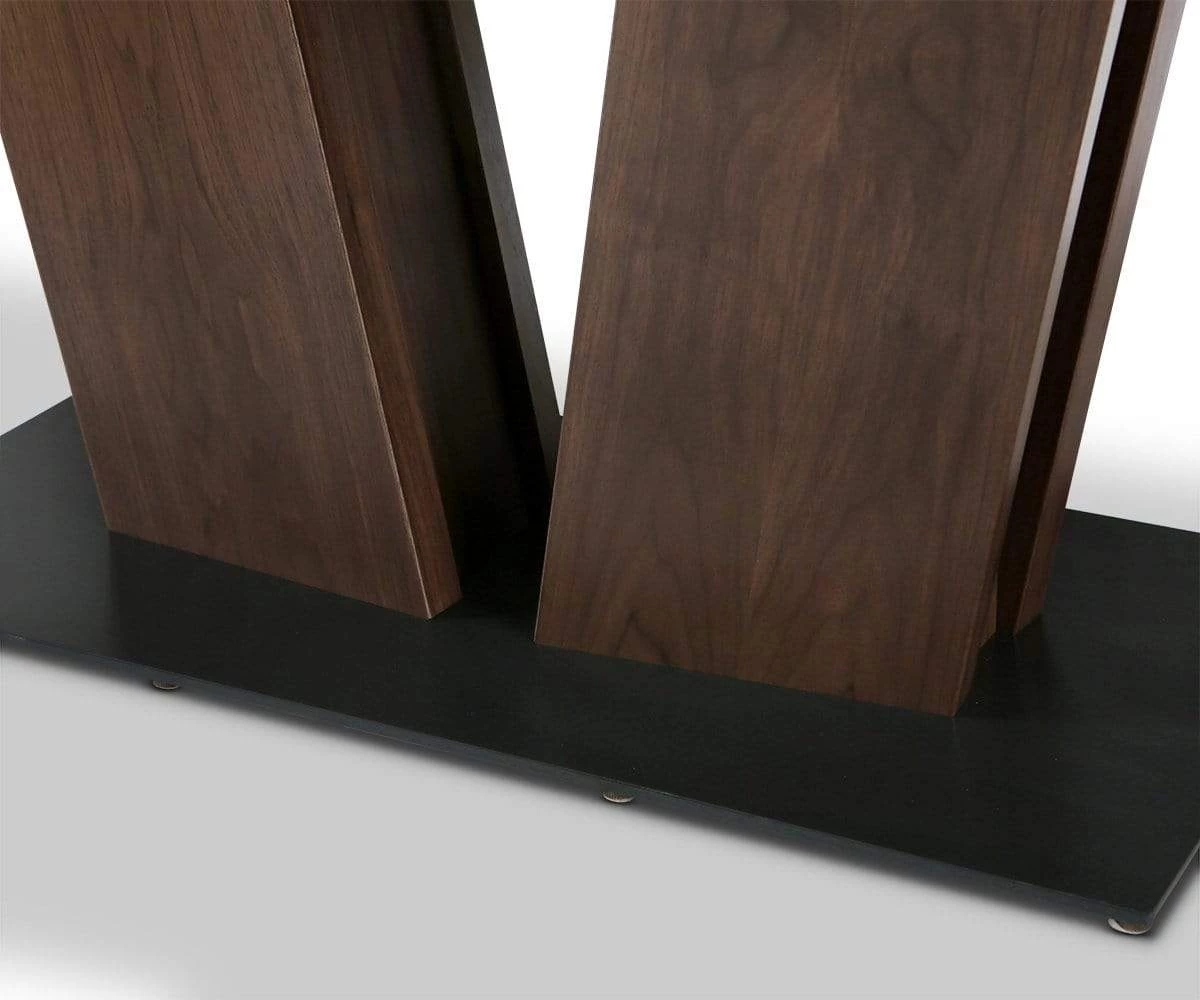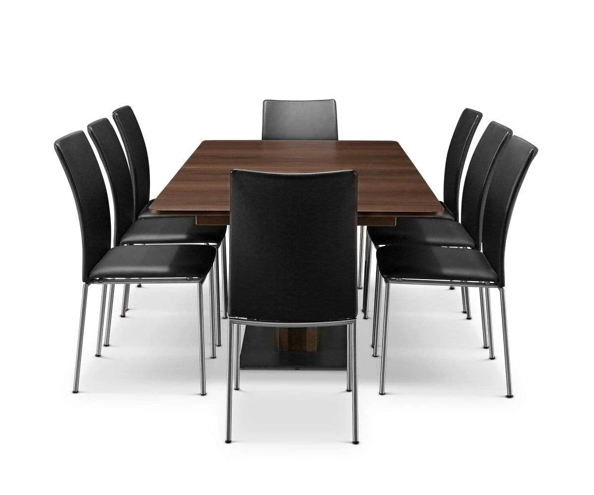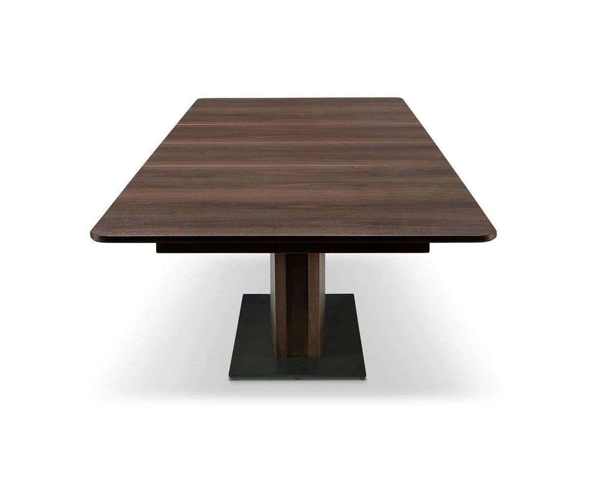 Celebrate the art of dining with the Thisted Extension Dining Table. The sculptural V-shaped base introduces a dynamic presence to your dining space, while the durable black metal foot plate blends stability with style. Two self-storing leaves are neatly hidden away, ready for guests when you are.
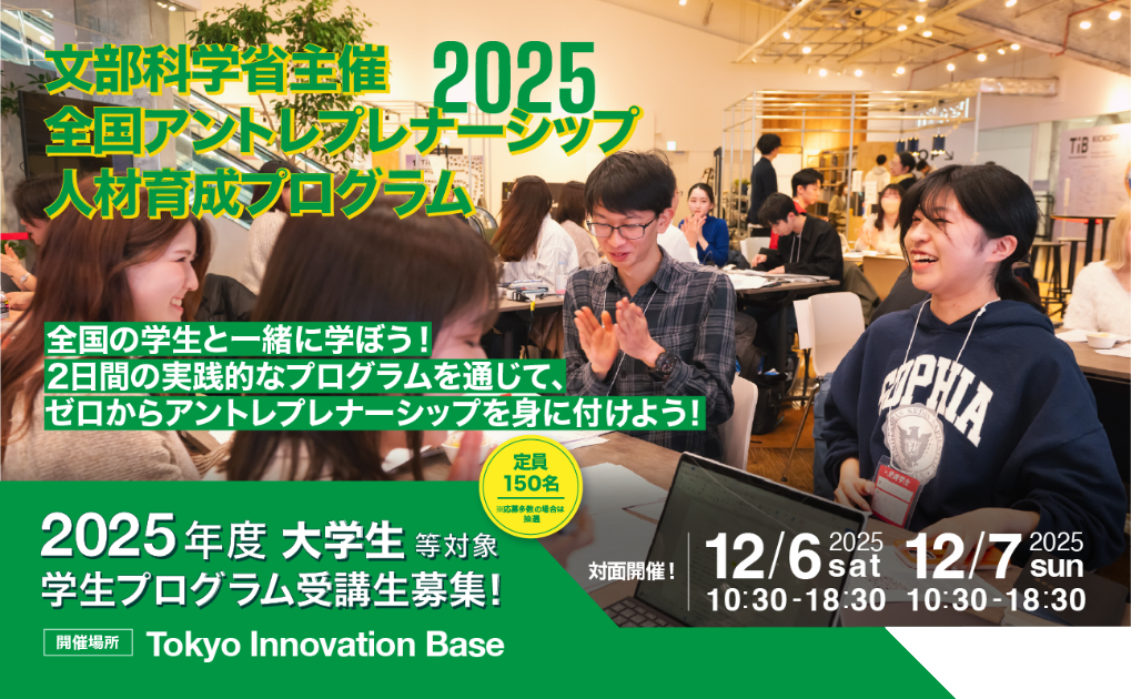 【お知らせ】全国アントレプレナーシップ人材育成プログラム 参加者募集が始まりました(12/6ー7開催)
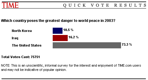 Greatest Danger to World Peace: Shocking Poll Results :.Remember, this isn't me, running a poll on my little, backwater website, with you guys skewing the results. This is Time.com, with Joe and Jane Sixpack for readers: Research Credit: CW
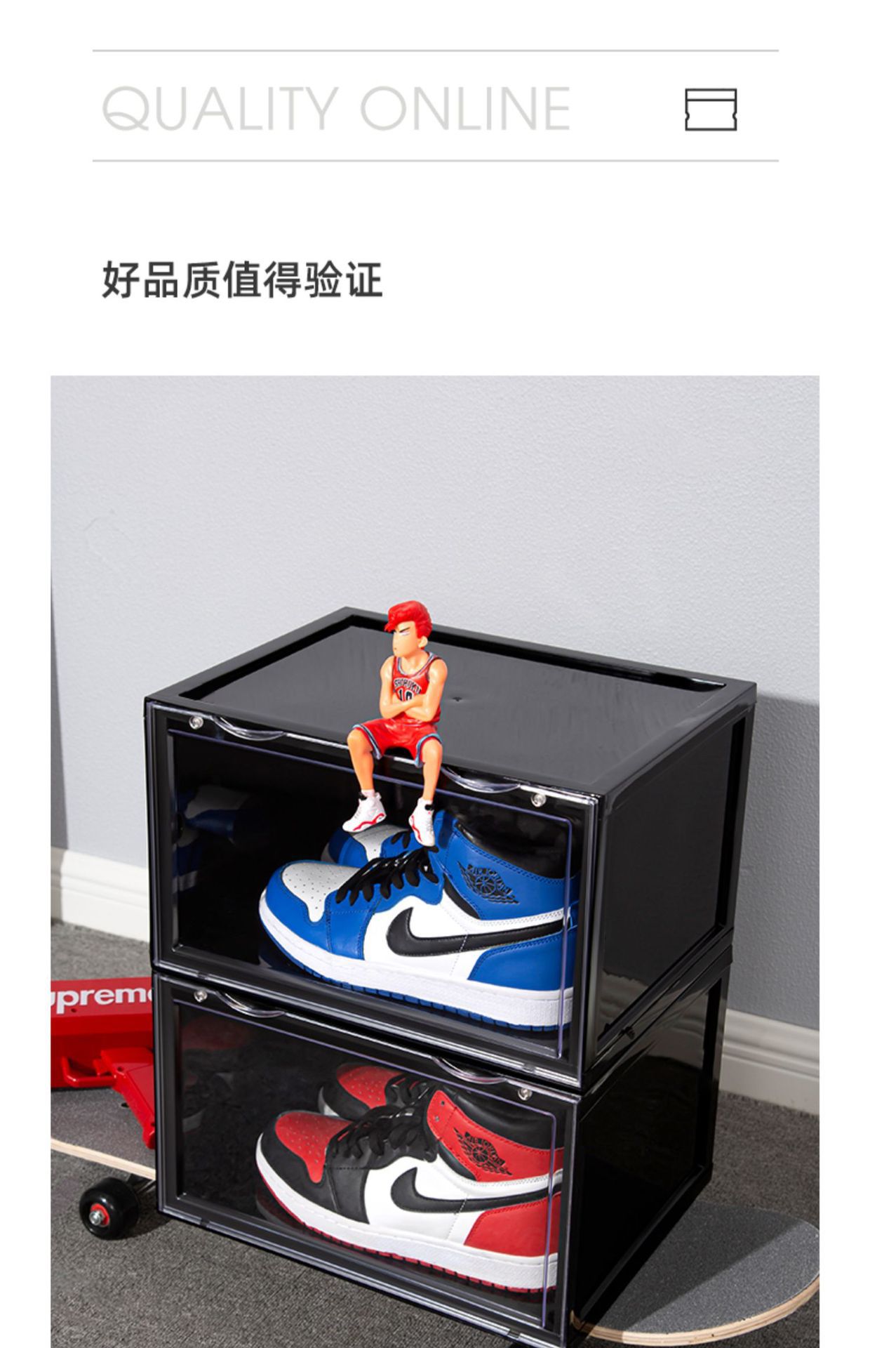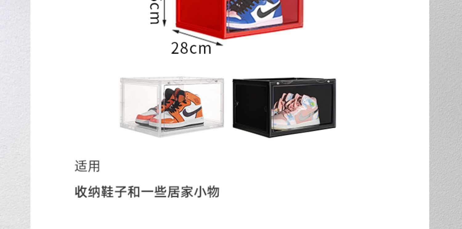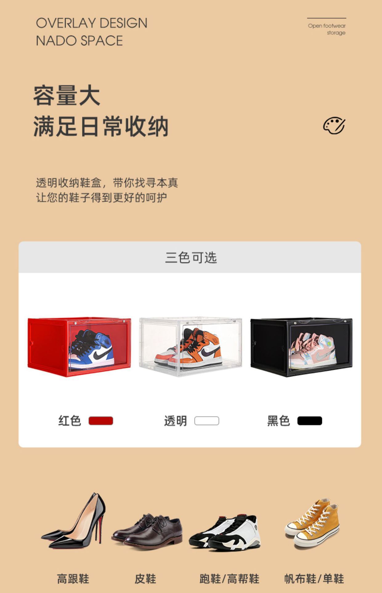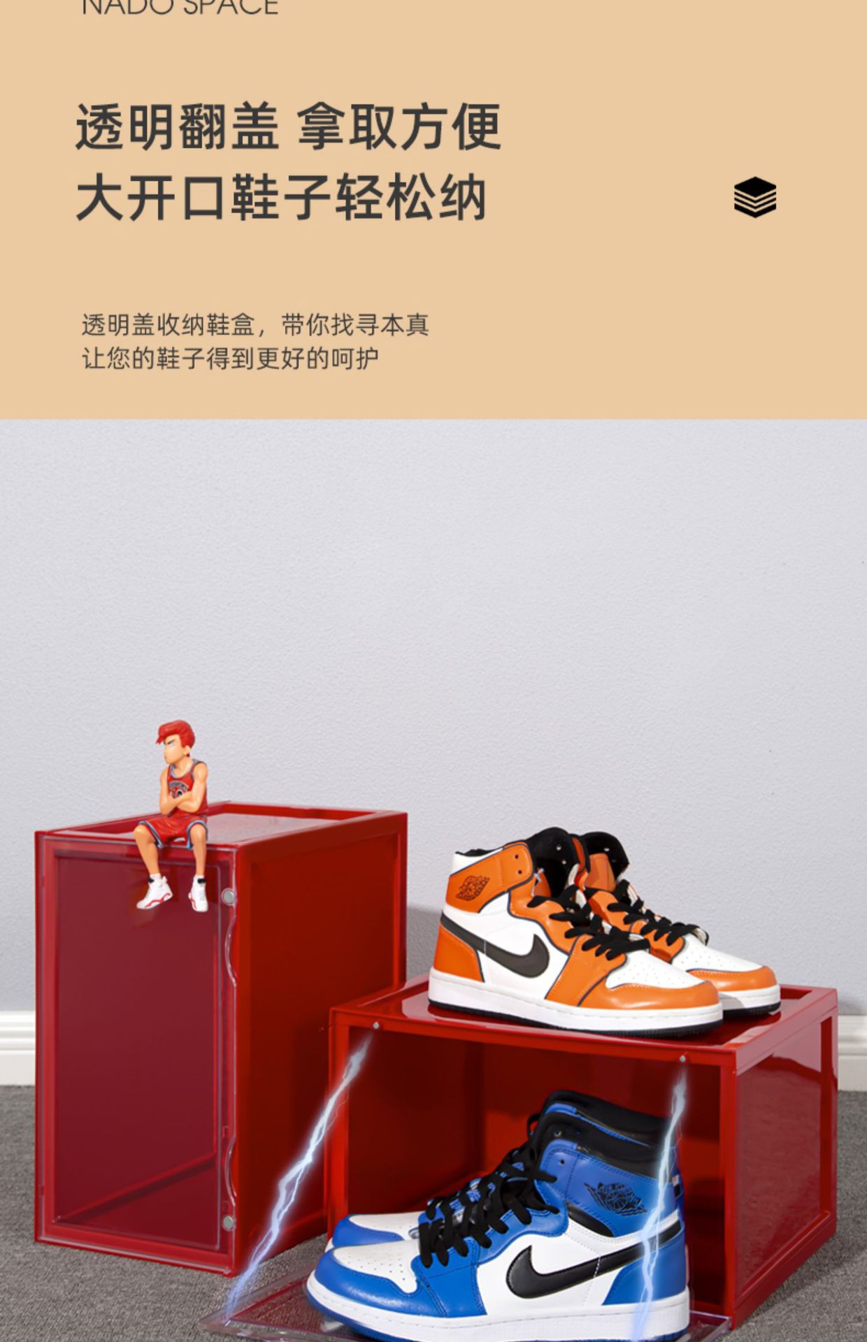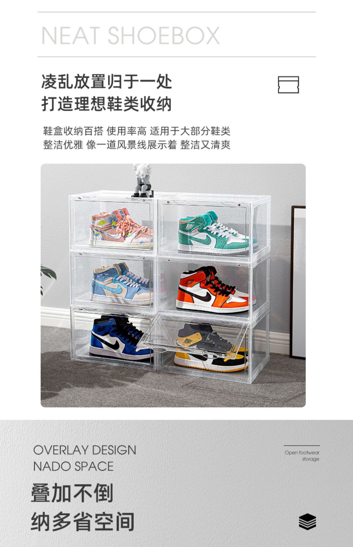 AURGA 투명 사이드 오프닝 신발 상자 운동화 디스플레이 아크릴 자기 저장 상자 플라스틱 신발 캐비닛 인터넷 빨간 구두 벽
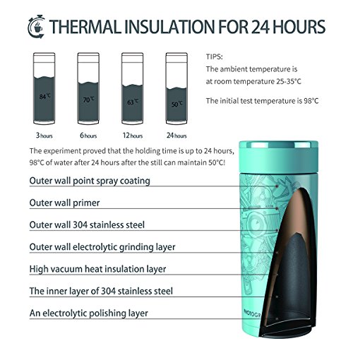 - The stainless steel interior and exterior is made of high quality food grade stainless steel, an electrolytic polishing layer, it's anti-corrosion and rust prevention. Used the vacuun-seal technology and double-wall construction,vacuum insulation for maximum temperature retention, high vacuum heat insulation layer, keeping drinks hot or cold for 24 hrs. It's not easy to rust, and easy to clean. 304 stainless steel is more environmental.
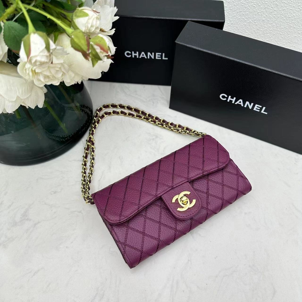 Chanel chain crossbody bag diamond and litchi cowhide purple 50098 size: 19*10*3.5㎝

[Task]: Should a record include a picture, omit it from your copy and return the rest unchanged.

[Exercise response]:
 Celebrate the art of dining with the Thisted Extension Dining Table. The sculptural V-shaped base introduces a dynamic presence to your dining space, while the durable black metal foot plate blends stability with style. Two self-storing leaves are neatly hidden away, ready for guests when you are.
 【お知らせ】全国アントレプレナーシップ人材育成プログラム 参加者募集が始まりました(12/6ー7開催)
 Greatest Danger to World Peace: Shocking Poll Results :.Remember, this isn't me, running a poll on my little, backwater website, with you guys skewing the results. This is Time.com, with Joe and Jane Sixpack for readers: Research Credit: CW
 AURGA 투명 사이드 오프닝 신발 상자 운동화 디스플레이 아크릴 자기 저장 상자 플라스틱 신발 캐비닛 인터넷 빨간 구두 벽
 - The stainless steel interior and exterior is made of high quality food grade stainless steel, an electrolytic polishing layer, it's anti-corrosion and rust prevention. Used the vacuun-seal technology and double-wall construction,vacuum insulation for maximum temperature retention, high vacuum heat insulation layer, keeping drinks hot or cold for 24 hrs. It's not easy to rust, and easy to clean. 304 stainless steel is more environmental.
 Chanel chain crossbody bag diamond and litchi cowhide purple 50098 size: 19*10*3.5㎝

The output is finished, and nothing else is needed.